Un certain volume d’eau s’écoule d’un seul coup ? Un petit filet d’eau coule. Vous ne savez pas si c’est une fuite urinaire (fréquente à la fin de la grossesse) ou une fissure de la poche des eaux. Une astuce : essayez de vous retenir. Si vous y parvenez, c’est que ce n’est pas la perte des eaux. À l’inverse, si cela vous est impossible, c’est que vous perdez bien les eaux. Dans le doute, n’hésitez pas à vous rendre à la maternité.

Avantages d'un intervalle de temps approprié entre les grossesses

Faut-il se lancer tout de suite ou attendre encore quelques années ? Il n'existe pas d'écart idéal entre les enfants. La grossesse est un grand stress pour le corps d'une femme. La récupération post-partum prend plusieurs mois. Les experts recommandent d'attendre au moins un an après l'accouchement pour concevoir, et idéalement 18 mois. Cette période est suffisante pour récupérer, reconstituer les nutriments perdus pendant la grossesse et avoir le temps de se préparer psychologiquement à une nouvelle arrivée. Si vous êtes pressée et voulez un deuxième enfant rapidement, vous devriez attendre au moins six mois.

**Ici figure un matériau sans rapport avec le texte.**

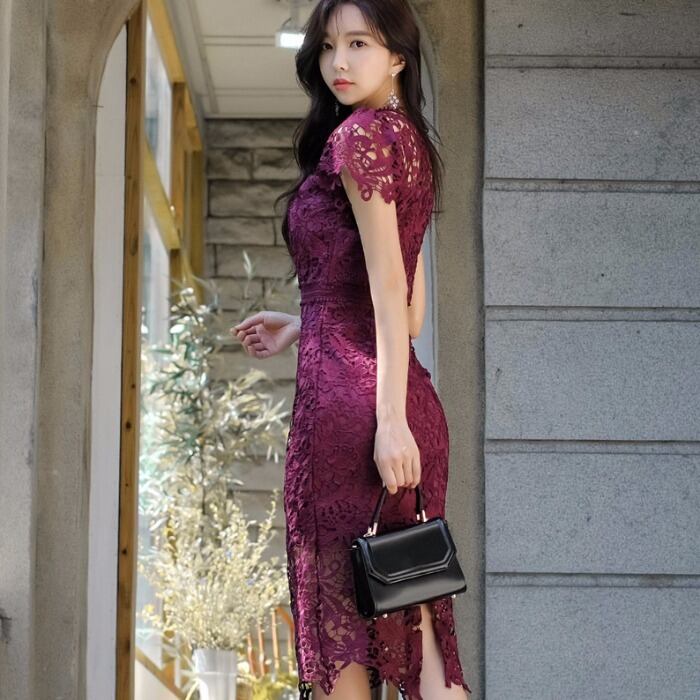 体にぴったりタイトなフォルムで、美しいシルエットのレースワンピース♪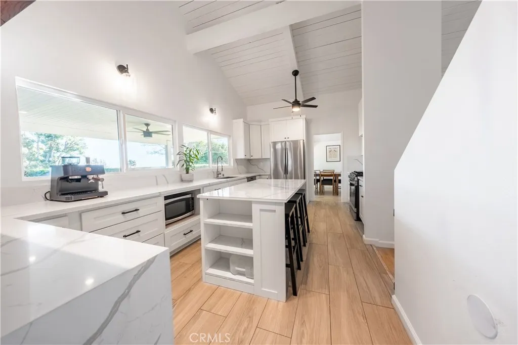 The remodeled kitchen is the heart of the home, complete with a large island and picturesque views toward Long Beach and the coastline. The kitchen flows seamlessly into the living spaces, making it ideal for everyday living or hosting friends and family.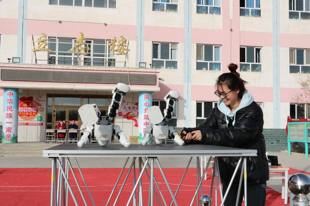 藍(lán)天白云,秋高氣爽,全體師生與觀摩家長齊聚操場,飽覽一場科技盛宴。活動現(xiàn)場和碩縣科協(xié)科普大篷車帶來的機(jī)器人進(jìn)行了表演。機(jī)器人帶來了一段熱舞,整齊劃一的步伐,還來了一個翻跟頭,同學(xué)們興奮地大聲喊:太帥了,太精彩了!3D打印機(jī)、人工智能機(jī)械臂、無人機(jī)等展示,讓同學(xué)們目不暇接,感受科技帶來的魅力。買吾魯提·艾合買提老師帶領(lǐng)學(xué)生展示的火山噴發(fā)、無字天書,以及康逢權(quán)老師展示的火焰掌引爆了全場。同學(xué)們的歡呼聲、驚嘆聲響徹校園。學(xué)生還觀看科普大篷車并帶去了科普展板、體驗科普展品,研學(xué)學(xué)生展示自己做的蝴蝶標(biāo)本。最后一年級小學(xué)生進(jìn)行“放飛夢想”紙飛機(jī)比賽。
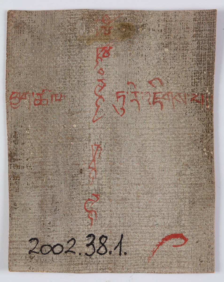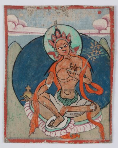 The series depicting the "Twenty-One Tara Goddess" (Tibetan: sgrol ma nyer gcig ma) is incomplete. In this picture Tara's orange-bodied figure with two arms, and on the back Tibetan inscription can be seen.

Si votre grossesse ou votre accouchement ont été compliqués ou si vous avez eu une césarienne, ce délai peut être prolongé.

Avantages d'un intervalle court

  • Les enfants sont proches et s'entendent bien.
  • L'aîné ne sera pas jaloux du plus jeune, car il n'est pas pleinement conscient du changement qu'apporte un deuxième bébé dans la famille.
  • Vous deviendrez plus efficace pour le change, l'alimentation, la lessive et les activités quotidiennes d'une maman.
  • Vous avez l'habitude d'être parent et vous savez à quoi vous attendre.

Inconvénients d'un intervalle court

  • Les enfants nés à peu de temps d'intervalle nécessitent des coûts initiaux plus élevés.
  • C'est difficile pour votre corps. Gérer deux jeunes enfants est difficile physiquement et psychologiquement.
  • L'aîné ressentira une forte jalousie.
  • L'aîné est probablement en pleine phase d'opposition.
  • L'aîné reculera d'un pas : il peut reprendre de mauvaises habitudes qu'il avait abandonnées, comme sucer son pouce, faire pipi dans sa couche au lieu de demander le pot, ou mal prononcer les mots.
  • Vous aurez moins de temps pour vous.

Avantages d'un intervalle long

  • Un enfant qui a au moins 3 ans de moins que son aîné peut hériter du matériel scolaire de ce dernier.
  • Comptez sur une plus grande implication du partenaire.
  • Les premiers mois et l'apprivoisement avec bébé sont derrière vous. Le niveau de stress diminue et le manque de sommeil ne se fait plus autant sentir. Votre corps et votre esprit se sont habitués à cette nouvelle situation : vous êtes mère.

Inconvénients d'un intervalle long

  • Le marché du travail évolue rapidement, et les connaissances que vous aviez avant votre congé maternité peuvent ne plus correspondre aux tendances actuelles.
  • Les enfants ne sont pas aussi proches : ils demandent des activités, des jeux et des dessins animés différents.
  • Les enfants avec 2 à 3 ans d'écart ont des horaires quotidiens différents.

Préparation à l'accouchement

Les cours de préparation à l’accouchement restent des outils efficaces, même si vous êtes déjà passée par un premier accouchement. En effet, ce précédent ne vous exempte pas de l’anxiété. Pour être en mesure de maîtriser la douleur du travail, suivez les cours de préparation à l’accouchement pendant votre deuxième grossesse. Vous aurez ainsi un soutien physique et mental et vous pourrez également vous rappeler des détails sur le portage, l’habillage et le bain de bébé. Ce moment de détente et d’apprentissage, il n’y a vraiment aucune raison de vous en priver !

Mythes courants

D’après les idées populaires, la poche des eaux se romprait d’un coup vers la fin d’une deuxième grossesse. Rien ne confirme cette théorie.